Work instruction: Output must consist only of the lines of the material below from the one with "Figura 6. Ciclo" through the one with "aus Peddigrohr flechten", each reproduced exactly; no pictures belong in it.

Information supplied:

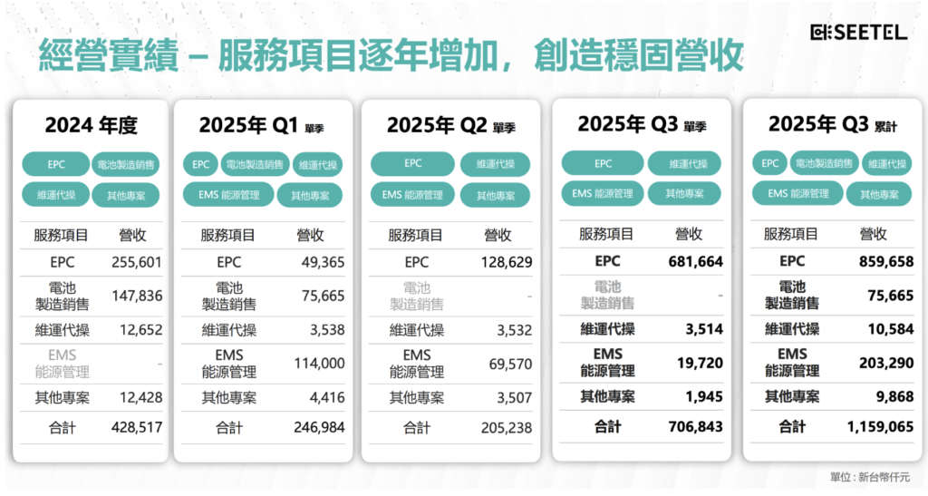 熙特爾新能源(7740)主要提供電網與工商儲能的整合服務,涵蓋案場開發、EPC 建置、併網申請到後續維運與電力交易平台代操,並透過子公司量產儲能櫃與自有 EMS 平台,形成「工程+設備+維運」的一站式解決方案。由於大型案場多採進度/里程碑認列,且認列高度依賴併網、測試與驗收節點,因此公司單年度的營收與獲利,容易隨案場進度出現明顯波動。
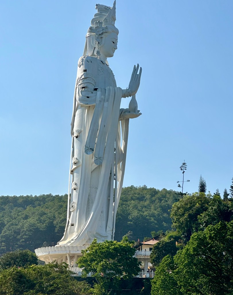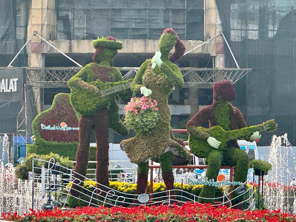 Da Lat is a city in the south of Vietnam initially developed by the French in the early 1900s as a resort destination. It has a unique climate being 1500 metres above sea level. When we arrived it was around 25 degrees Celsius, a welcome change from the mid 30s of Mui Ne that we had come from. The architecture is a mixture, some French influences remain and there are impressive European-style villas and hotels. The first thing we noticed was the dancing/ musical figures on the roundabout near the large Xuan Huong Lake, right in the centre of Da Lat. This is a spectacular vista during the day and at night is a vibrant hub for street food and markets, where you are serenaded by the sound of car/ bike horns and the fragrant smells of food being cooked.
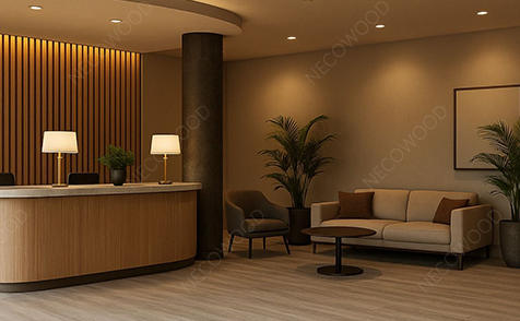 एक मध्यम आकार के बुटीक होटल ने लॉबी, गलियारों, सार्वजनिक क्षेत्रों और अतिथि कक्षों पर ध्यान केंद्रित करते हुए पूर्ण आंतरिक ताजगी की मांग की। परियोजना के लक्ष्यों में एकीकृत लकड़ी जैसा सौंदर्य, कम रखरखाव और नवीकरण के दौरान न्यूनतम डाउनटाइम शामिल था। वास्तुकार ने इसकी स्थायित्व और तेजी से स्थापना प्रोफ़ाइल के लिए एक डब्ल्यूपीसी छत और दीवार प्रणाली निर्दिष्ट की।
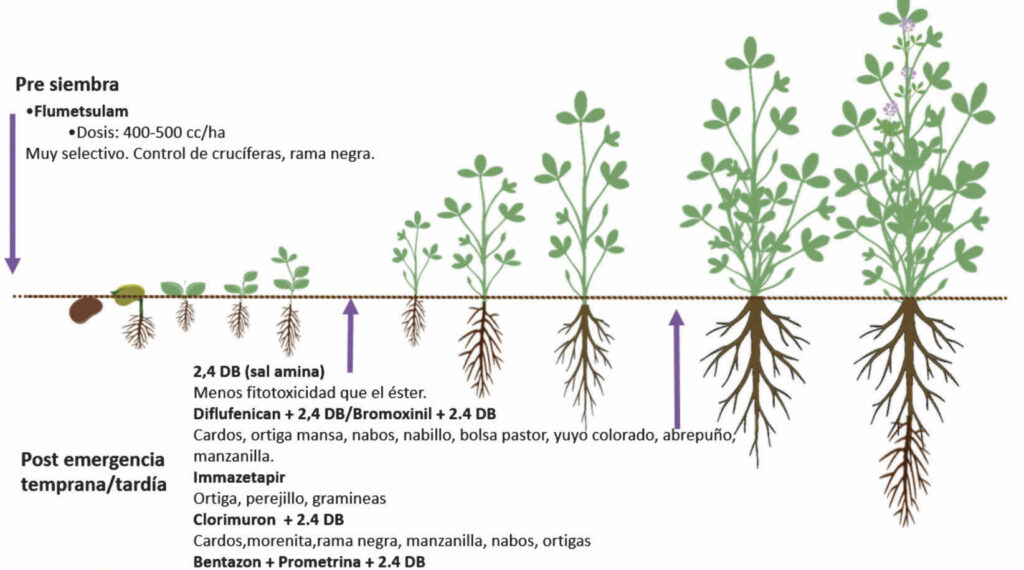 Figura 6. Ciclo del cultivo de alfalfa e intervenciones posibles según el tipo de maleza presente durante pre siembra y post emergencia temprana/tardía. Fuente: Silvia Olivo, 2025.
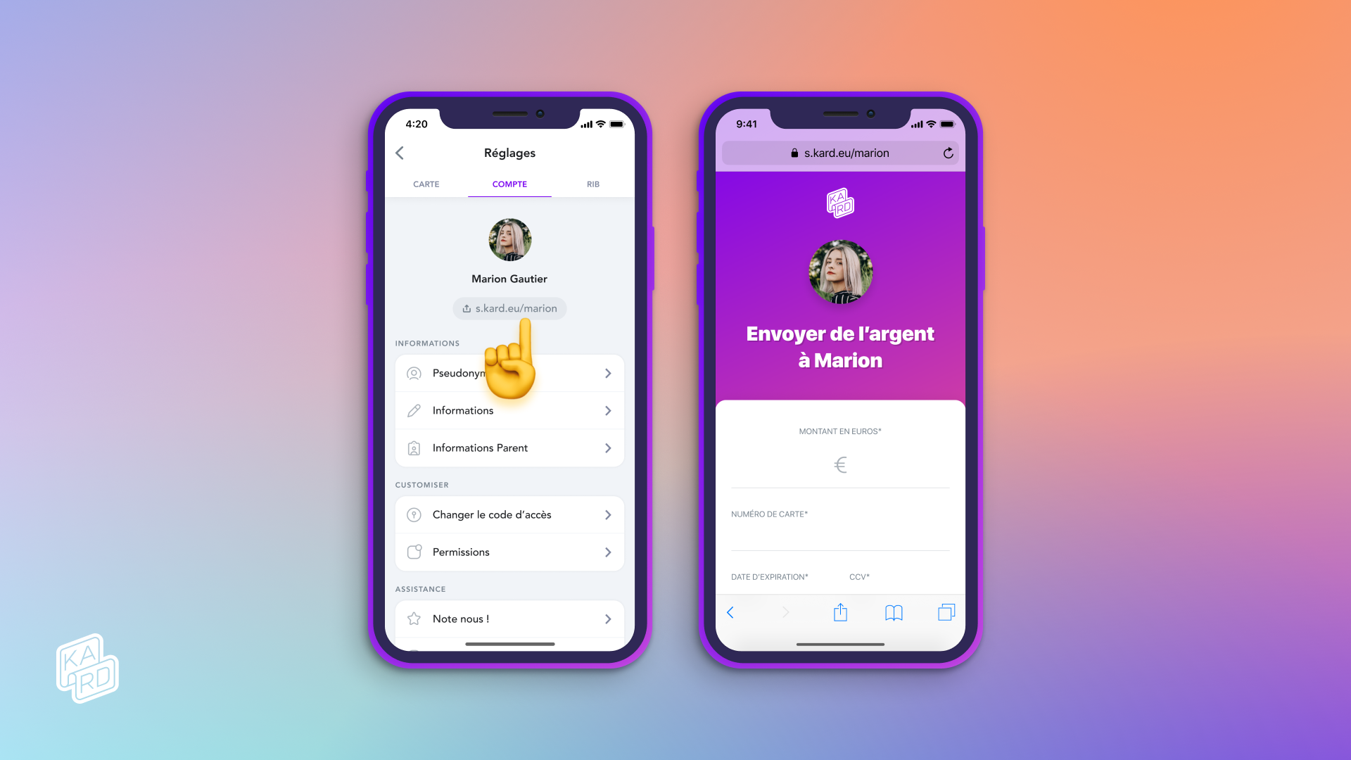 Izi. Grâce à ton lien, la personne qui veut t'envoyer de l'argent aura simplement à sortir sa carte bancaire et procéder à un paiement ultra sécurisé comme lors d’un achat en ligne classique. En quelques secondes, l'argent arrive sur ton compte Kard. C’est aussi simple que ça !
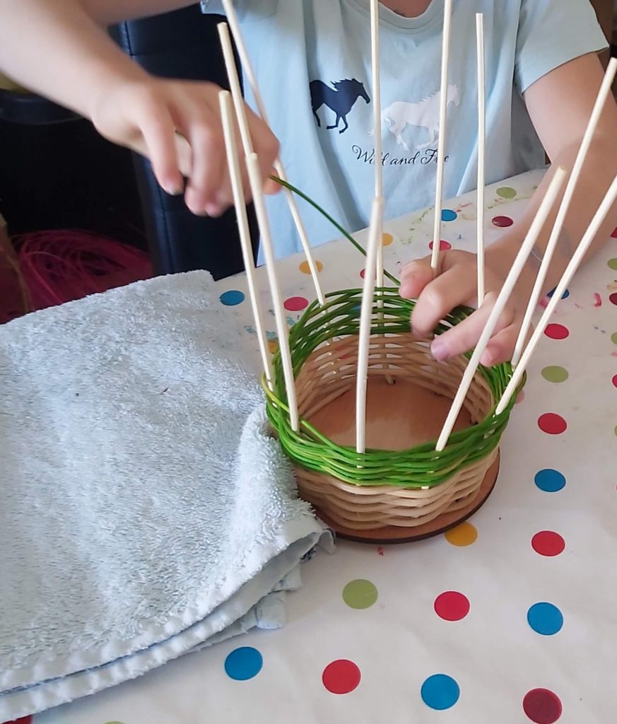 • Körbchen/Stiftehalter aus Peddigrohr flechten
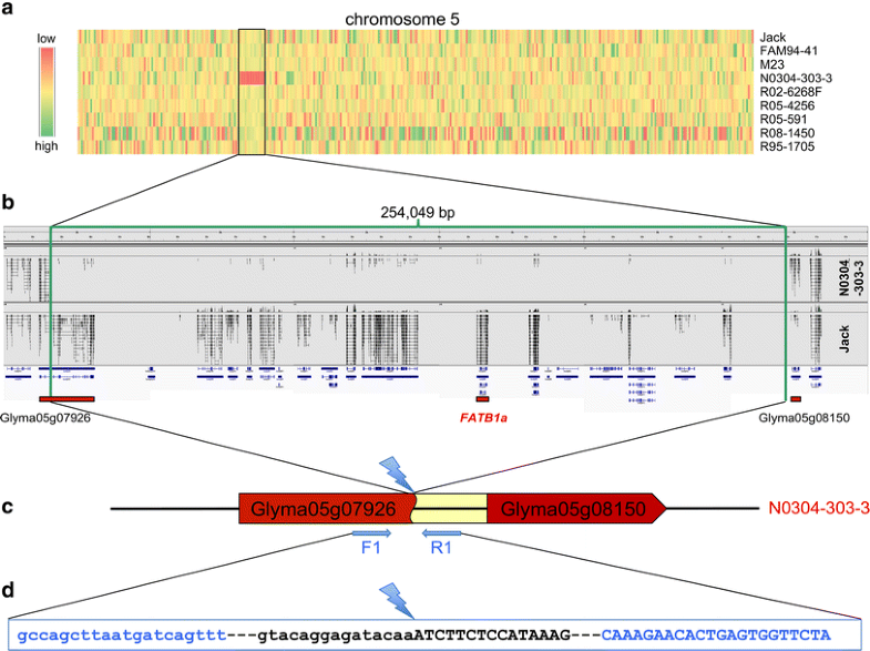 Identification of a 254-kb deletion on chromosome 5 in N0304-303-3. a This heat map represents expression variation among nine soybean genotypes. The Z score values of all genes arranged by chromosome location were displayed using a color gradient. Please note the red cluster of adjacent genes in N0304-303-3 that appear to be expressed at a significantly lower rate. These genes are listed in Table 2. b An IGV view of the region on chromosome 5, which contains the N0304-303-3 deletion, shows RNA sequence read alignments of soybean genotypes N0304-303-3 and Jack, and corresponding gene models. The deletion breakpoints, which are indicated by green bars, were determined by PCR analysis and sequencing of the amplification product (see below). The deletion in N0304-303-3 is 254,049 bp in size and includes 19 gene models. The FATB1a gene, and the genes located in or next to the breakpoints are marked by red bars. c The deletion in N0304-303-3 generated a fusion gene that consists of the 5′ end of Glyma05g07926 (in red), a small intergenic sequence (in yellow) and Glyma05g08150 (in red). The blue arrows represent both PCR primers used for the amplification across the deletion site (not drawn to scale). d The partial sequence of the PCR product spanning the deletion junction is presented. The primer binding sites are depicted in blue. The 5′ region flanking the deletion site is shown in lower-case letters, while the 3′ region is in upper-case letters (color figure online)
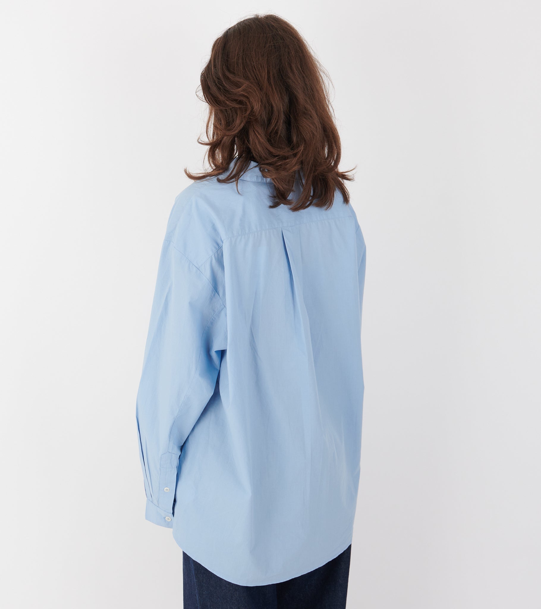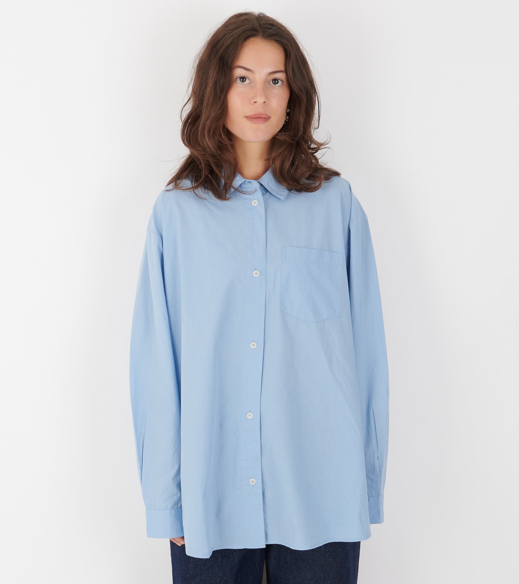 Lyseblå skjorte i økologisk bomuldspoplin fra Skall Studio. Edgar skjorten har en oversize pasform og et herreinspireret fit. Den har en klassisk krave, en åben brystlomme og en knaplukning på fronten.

Written reply:
 Figura 6. Ciclo del cultivo de alfalfa e intervenciones posibles según el tipo de maleza presente durante pre siembra y post emergencia temprana/tardía. Fuente: Silvia Olivo, 2025.
 Izi. Grâce à ton lien, la personne qui veut t'envoyer de l'argent aura simplement à sortir sa carte bancaire et procéder à un paiement ultra sécurisé comme lors d’un achat en ligne classique. En quelques secondes, l'argent arrive sur ton compte Kard. C’est aussi simple que ça !
 • Körbchen/Stiftehalter aus Peddigrohr flechten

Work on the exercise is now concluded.